Top

Obama at R-Day is a sign of things to come

Typically, the chief guest is chosen from a country that India wishes to keep in focus in a given year

Prime Minister Narendra Modi has nicely rounded up the year on the diplomatic front by getting US President Barack Obama to be the chief guest at the Republic Day celebrations in January 2015. Even if Mr Obama is in the final stages of his relatively staid presidential tenure, a period in which US leaders are seen as “lame duck”, inviting him may indeed be deemed the most concrete gain of Mr Modi’s six months in office.

This is on account of the fact that the invitation to the US President speaks of the clear desire of Mr Modi to befriend the United States as a special kind of partner for India’s progress, evident from the fact that this is the first time India is inviting an American President to be the chief guest on Republic Day. Typically, the chief guest is chosen from a country that India wishes to keep in focus in a given year. It is also a wider acknowledgement of that country’s continuing importance in India’s scheme of things. In the case of the United States, both are true naturally, but there is more.

There is a signal all round that India may be shedding inhibitions of the past to befriend America in a manner it had not done before, although the two countries signed the India-US civil nuclear agreement in 2005. This impression is strengthened by the fact that New Delhi did not bother concerning itself with the “lame duck” factor. The question really is not President Obama but the United States. And it is precisely this that critics of a deep and abiding engagement with the US are likely to concern themselves.

There cannot be any doubt that the US has been the world’s most important power since the Second World War on account of its technological, financial and military prowess, which have given it inordinate influence — more than any country can dream of — in international life. And yet, India and America were “estranged democracies”, chiefly because, in the Cold War years, India did not wish to walk into the American sphere of influence after getting free of colonial rule.

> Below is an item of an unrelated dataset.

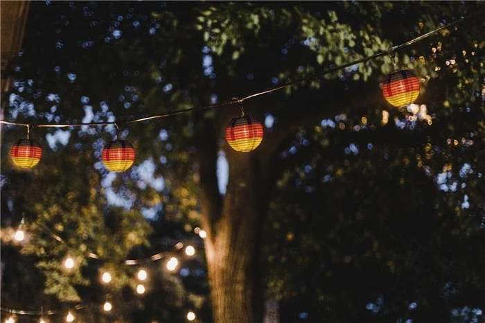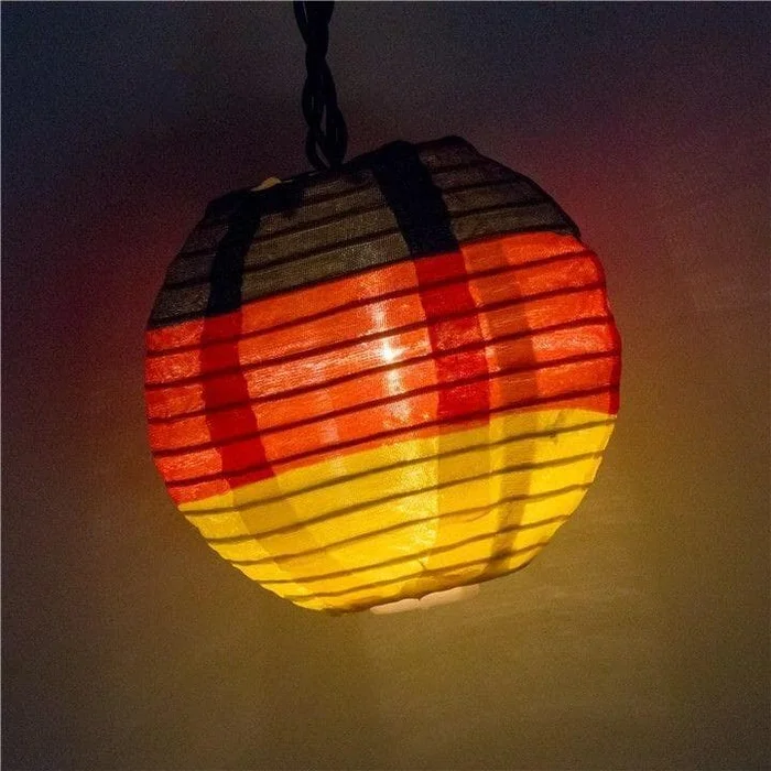 - Lichterkette mit 10 warm-weißen LED Lampions (Ø je 7,5 cm) in Schwarz-Rot-Gold

Both countries re-adjusted their sights when the Soviet era ended. New Delhi grew closer to Washington in time. It is, however, a fact of life that Washington has had a complex relationship with most major countries, and has more than one close friend in different regions of the world, even when those friends do not see eye to eye. It is on such a chess-board that Prime Minister Modi is semaphoring Washington. This can potentially be a move of historic proportions, and demands deft play on India’s part.